=== Supplied material ===

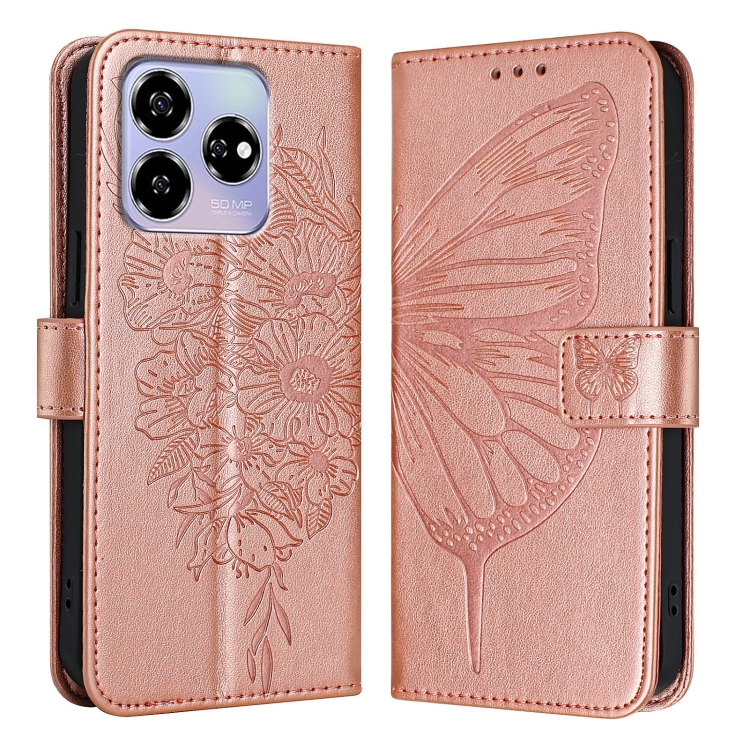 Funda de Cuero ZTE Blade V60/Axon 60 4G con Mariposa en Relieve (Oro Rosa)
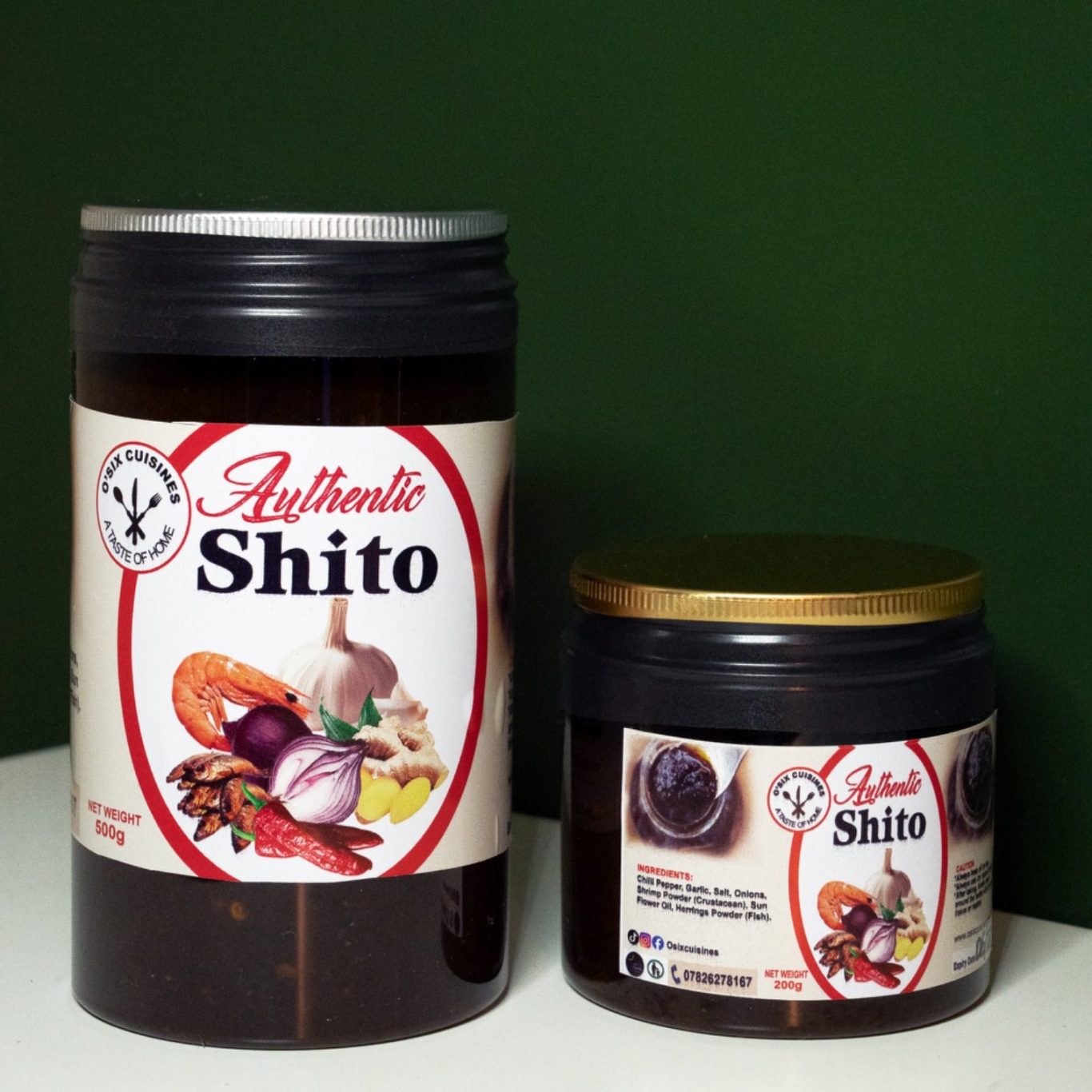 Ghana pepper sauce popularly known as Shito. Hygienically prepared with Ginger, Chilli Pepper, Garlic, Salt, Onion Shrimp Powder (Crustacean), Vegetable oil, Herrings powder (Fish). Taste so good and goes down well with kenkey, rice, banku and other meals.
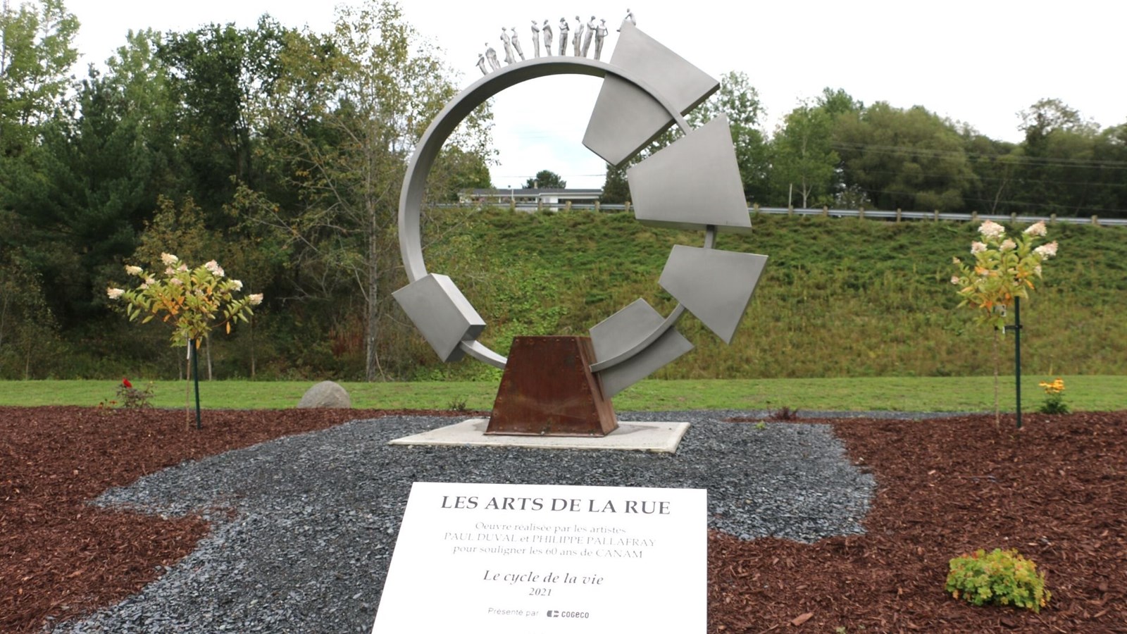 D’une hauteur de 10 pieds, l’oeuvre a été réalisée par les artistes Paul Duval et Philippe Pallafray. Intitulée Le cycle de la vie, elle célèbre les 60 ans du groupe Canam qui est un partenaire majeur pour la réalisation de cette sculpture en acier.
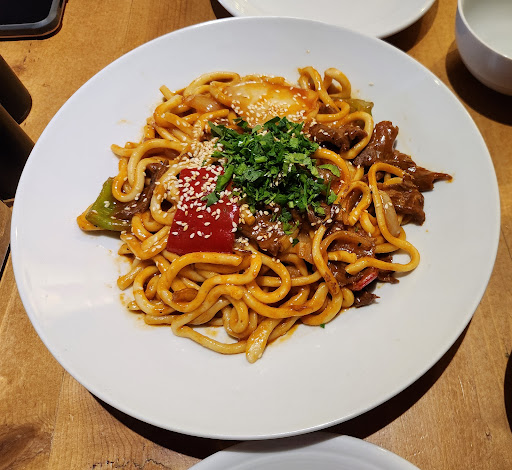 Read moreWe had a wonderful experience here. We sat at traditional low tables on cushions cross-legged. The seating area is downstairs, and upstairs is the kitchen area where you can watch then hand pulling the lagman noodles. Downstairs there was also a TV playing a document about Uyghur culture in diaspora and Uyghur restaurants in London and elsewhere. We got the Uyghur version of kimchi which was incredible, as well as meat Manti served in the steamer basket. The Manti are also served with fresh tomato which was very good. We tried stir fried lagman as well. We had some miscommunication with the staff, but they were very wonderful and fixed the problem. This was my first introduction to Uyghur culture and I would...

===
=== Supplied material ===

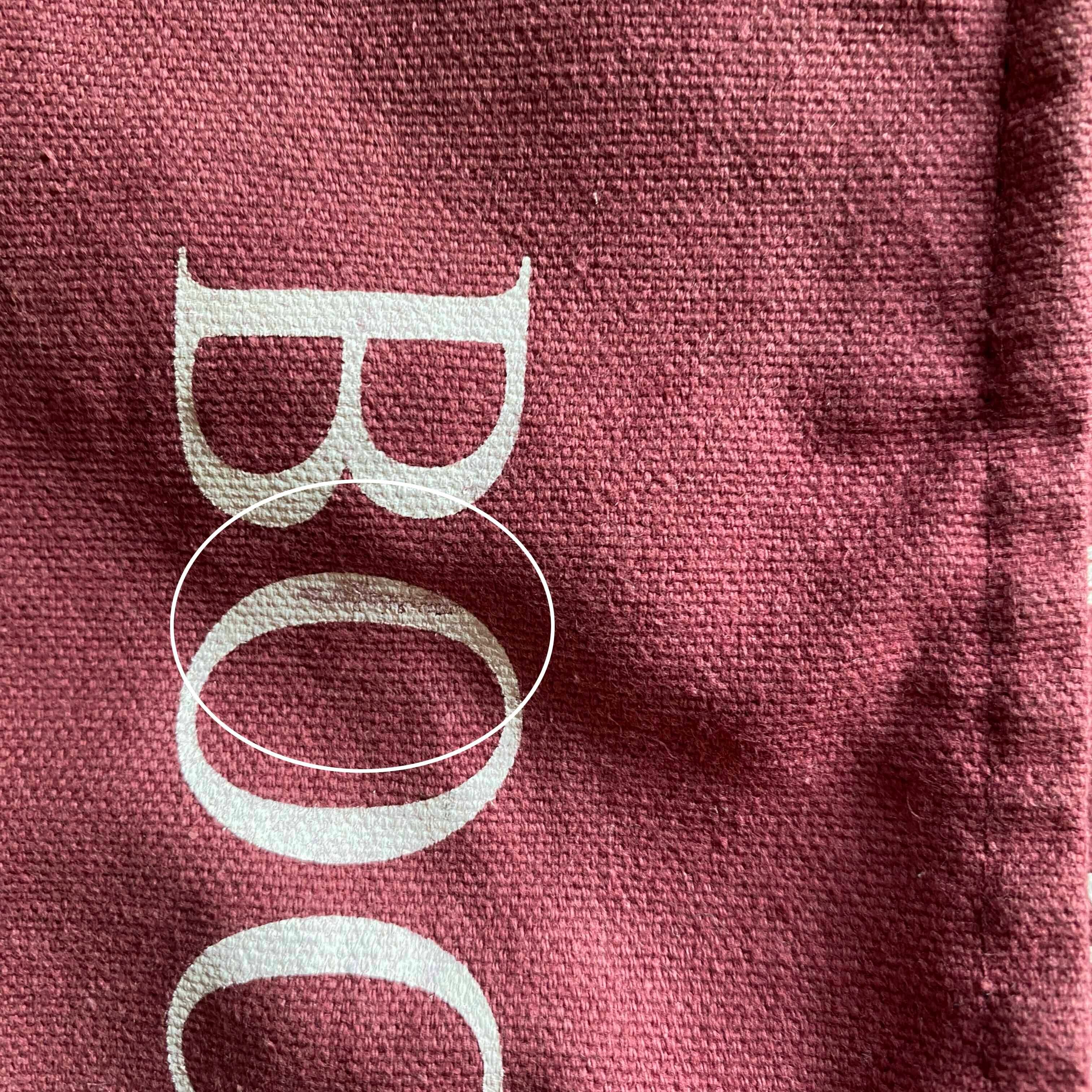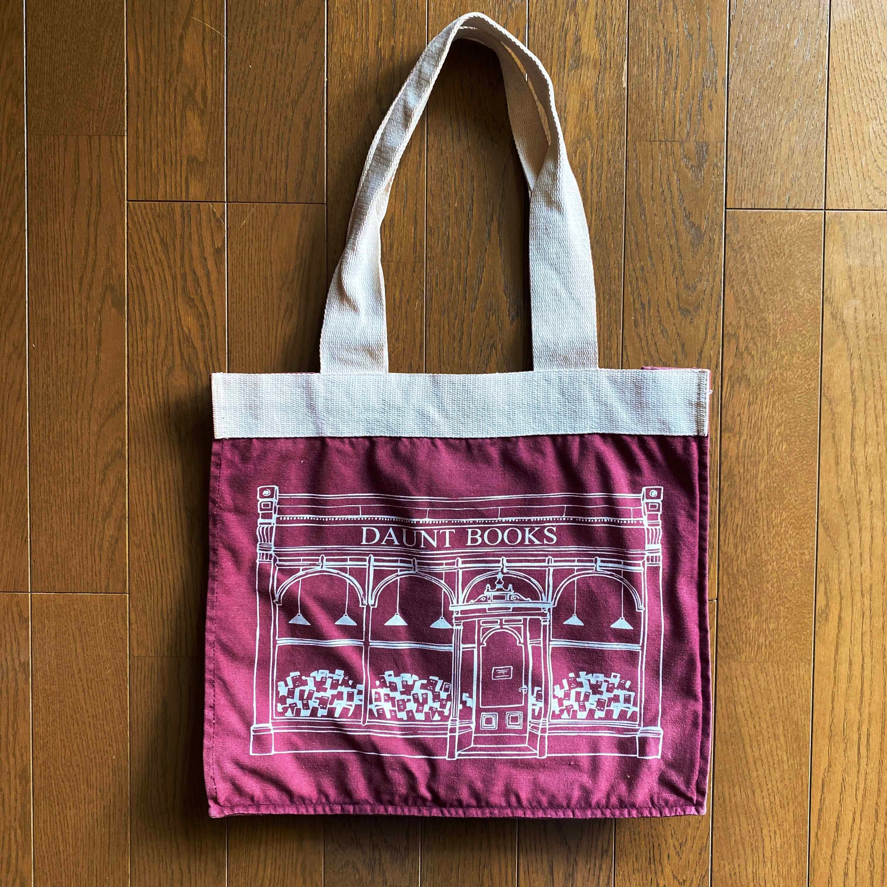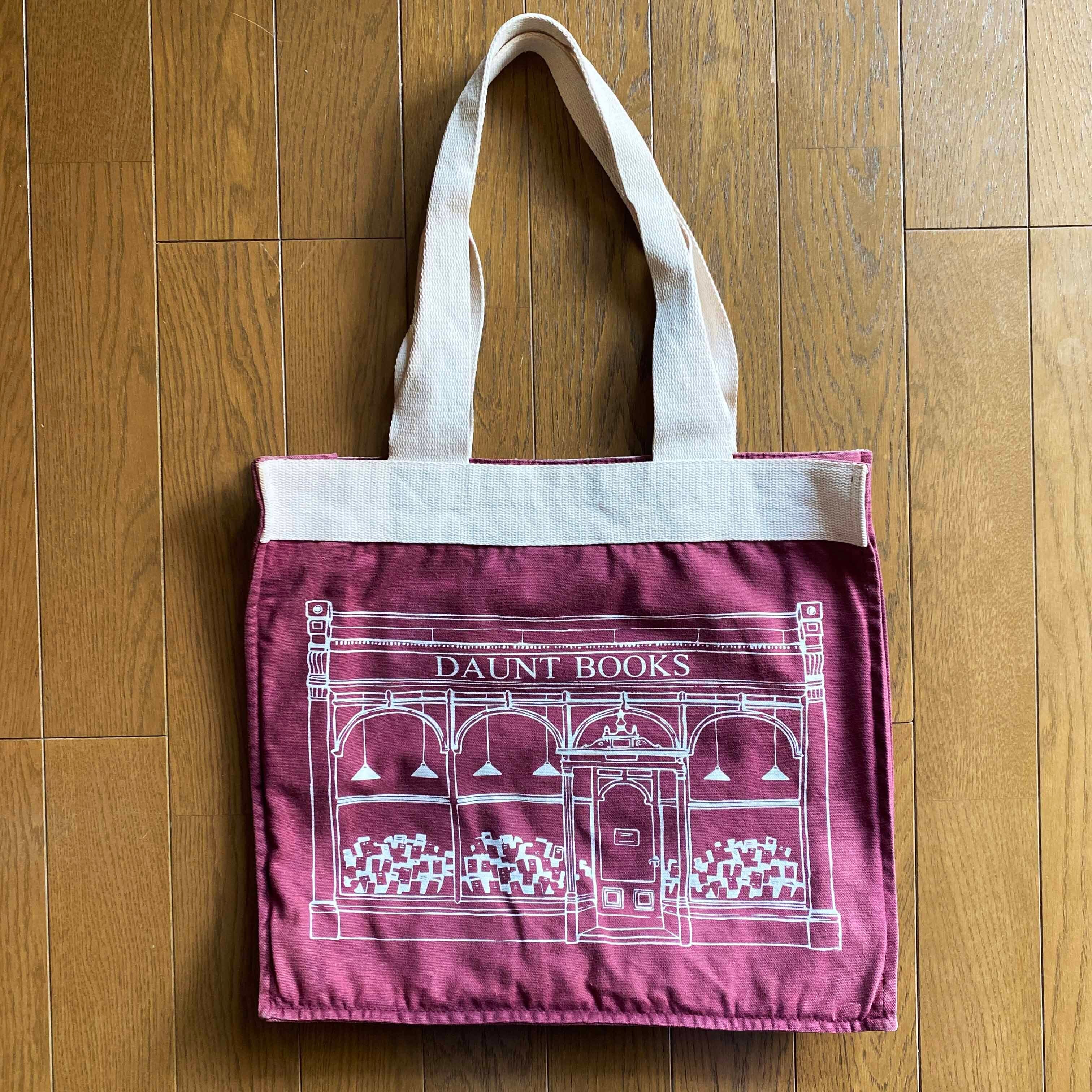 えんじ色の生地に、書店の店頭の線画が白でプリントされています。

===
=== Supplied material ===

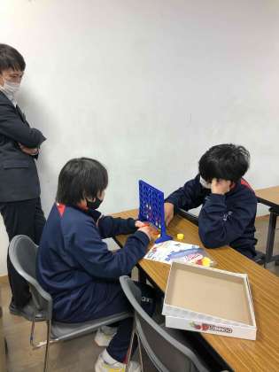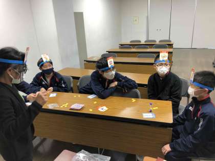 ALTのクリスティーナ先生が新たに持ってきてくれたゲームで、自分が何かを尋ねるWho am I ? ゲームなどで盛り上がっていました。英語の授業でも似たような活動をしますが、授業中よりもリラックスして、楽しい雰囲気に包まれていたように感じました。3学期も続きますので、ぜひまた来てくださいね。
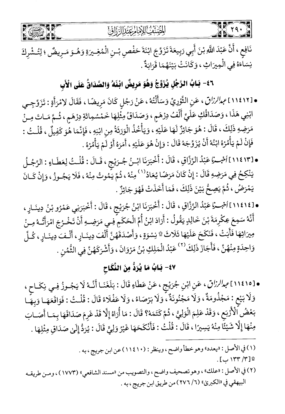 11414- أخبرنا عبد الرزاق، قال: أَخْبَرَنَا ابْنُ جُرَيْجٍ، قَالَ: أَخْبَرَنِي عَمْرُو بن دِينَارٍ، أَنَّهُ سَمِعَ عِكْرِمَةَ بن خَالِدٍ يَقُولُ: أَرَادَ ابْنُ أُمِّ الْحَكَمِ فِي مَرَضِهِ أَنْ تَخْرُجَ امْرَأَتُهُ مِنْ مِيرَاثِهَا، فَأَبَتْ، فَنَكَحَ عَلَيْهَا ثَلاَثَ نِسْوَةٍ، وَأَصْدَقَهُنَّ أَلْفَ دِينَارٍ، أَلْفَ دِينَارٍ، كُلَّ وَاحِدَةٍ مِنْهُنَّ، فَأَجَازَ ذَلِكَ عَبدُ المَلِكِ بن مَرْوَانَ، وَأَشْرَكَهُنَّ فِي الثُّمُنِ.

===

- [About this exercise] Beginning with the line above that has "Funda de Cuero" and going on through the line that has "Read moreWe had", retype every line exactly and add nothing else; drop the pictures.

- [Problem solution]
 Funda de Cuero ZTE Blade V60/Axon 60 4G con Mariposa en Relieve (Oro Rosa)
 Ghana pepper sauce popularly known as Shito. Hygienically prepared with Ginger, Chilli Pepper, Garlic, Salt, Onion Shrimp Powder (Crustacean), Vegetable oil, Herrings powder (Fish). Taste so good and goes down well with kenkey, rice, banku and other meals.
 D’une hauteur de 10 pieds, l’oeuvre a été réalisée par les artistes Paul Duval et Philippe Pallafray. Intitulée Le cycle de la vie, elle célèbre les 60 ans du groupe Canam qui est un partenaire majeur pour la réalisation de cette sculpture en acier.
 Read moreWe had a wonderful experience here. We sat at traditional low tables on cushions cross-legged. The seating area is downstairs, and upstairs is the kitchen area where you can watch then hand pulling the lagman noodles. Downstairs there was also a TV playing a document about Uyghur culture in diaspora and Uyghur restaurants in London and elsewhere. We got the Uyghur version of kimchi which was incredible, as well as meat Manti served in the steamer basket. The Manti are also served with fresh tomato which was very good. We tried stir fried lagman as well. We had some miscommunication with the staff, but they were very wonderful and fixed the problem. This was my first introduction to Uyghur culture and I would...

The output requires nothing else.